◆ Task description
Reproduce only this stretch of the listing below: from the line with "Crochet Tulle Dress - Red" through the line with "Huwelijk van Isaak", exactly as written, with pictures excluded.

◆ Task inputs
■ ■ ■ ■
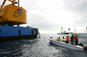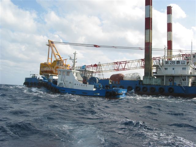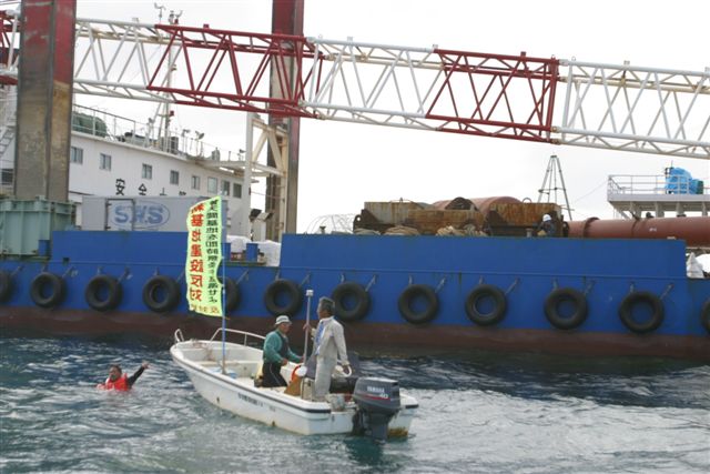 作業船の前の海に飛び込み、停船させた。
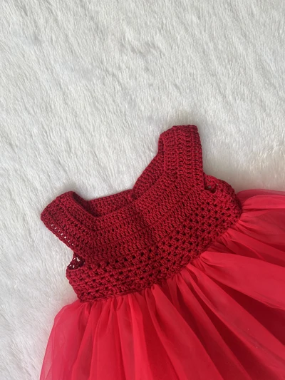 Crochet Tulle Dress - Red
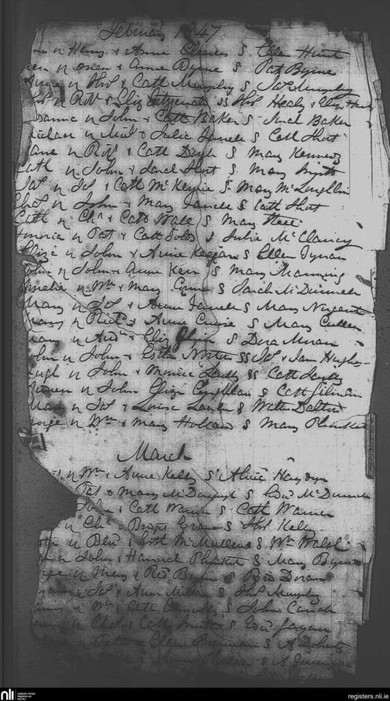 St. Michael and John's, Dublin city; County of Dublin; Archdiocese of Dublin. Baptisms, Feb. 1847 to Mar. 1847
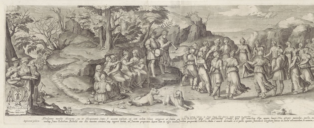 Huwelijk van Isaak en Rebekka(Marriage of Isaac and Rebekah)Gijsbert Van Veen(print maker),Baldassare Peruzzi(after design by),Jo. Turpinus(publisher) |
■ ■ ■ ■
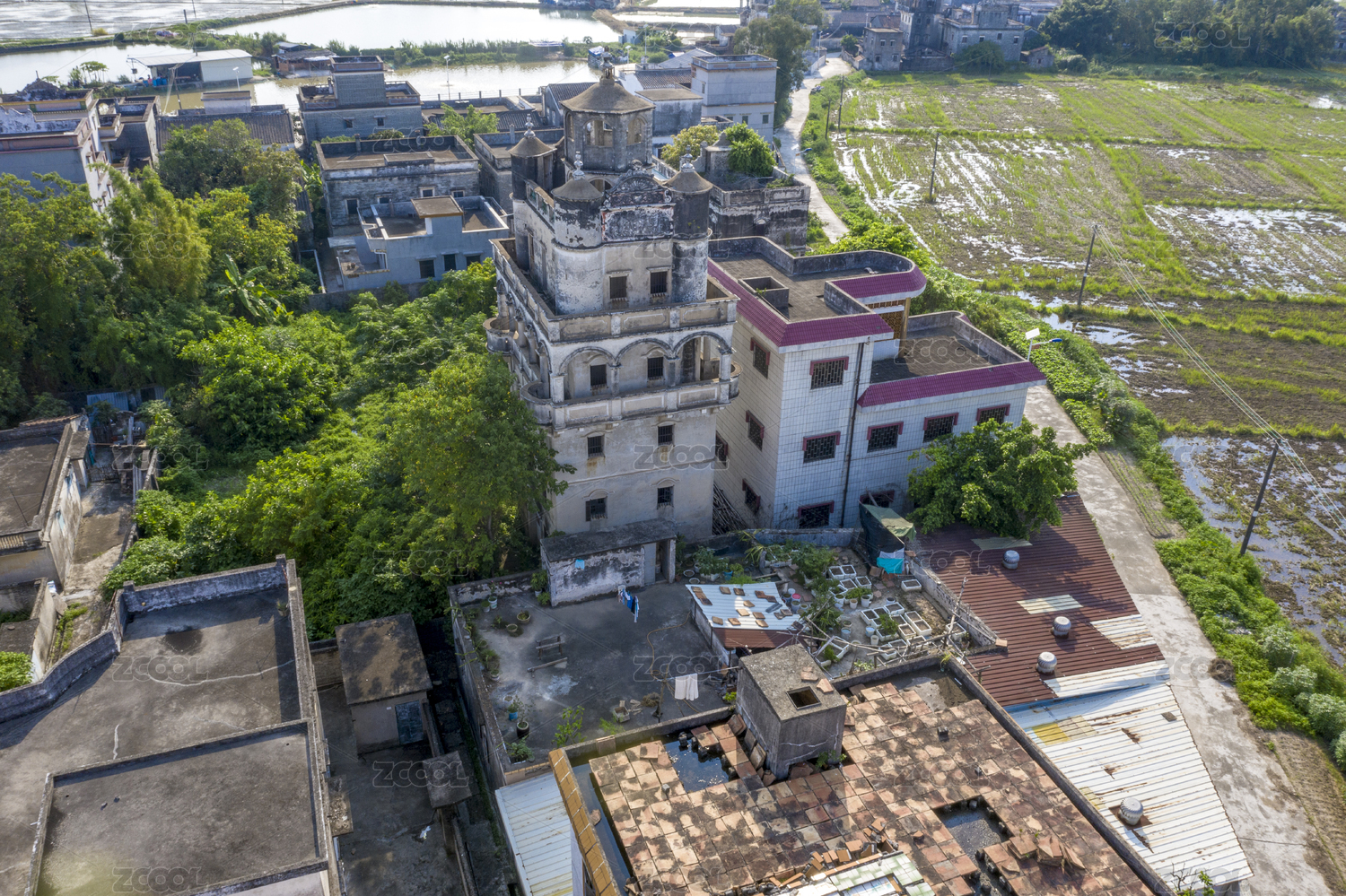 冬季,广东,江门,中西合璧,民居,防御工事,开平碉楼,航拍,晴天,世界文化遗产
■ ■ ■ ■
◆ Exercise output
 Crochet Tulle Dress - Red
 St. Michael and John's, Dublin city; County of Dublin; Archdiocese of Dublin. Baptisms, Feb. 1847 to Mar. 1847
 Huwelijk van Isaak en Rebekka(Marriage of Isaac and Rebekah)Gijsbert Van Veen(print maker),Baldassare Peruzzi(after design by),Jo. Turpinus(publisher) |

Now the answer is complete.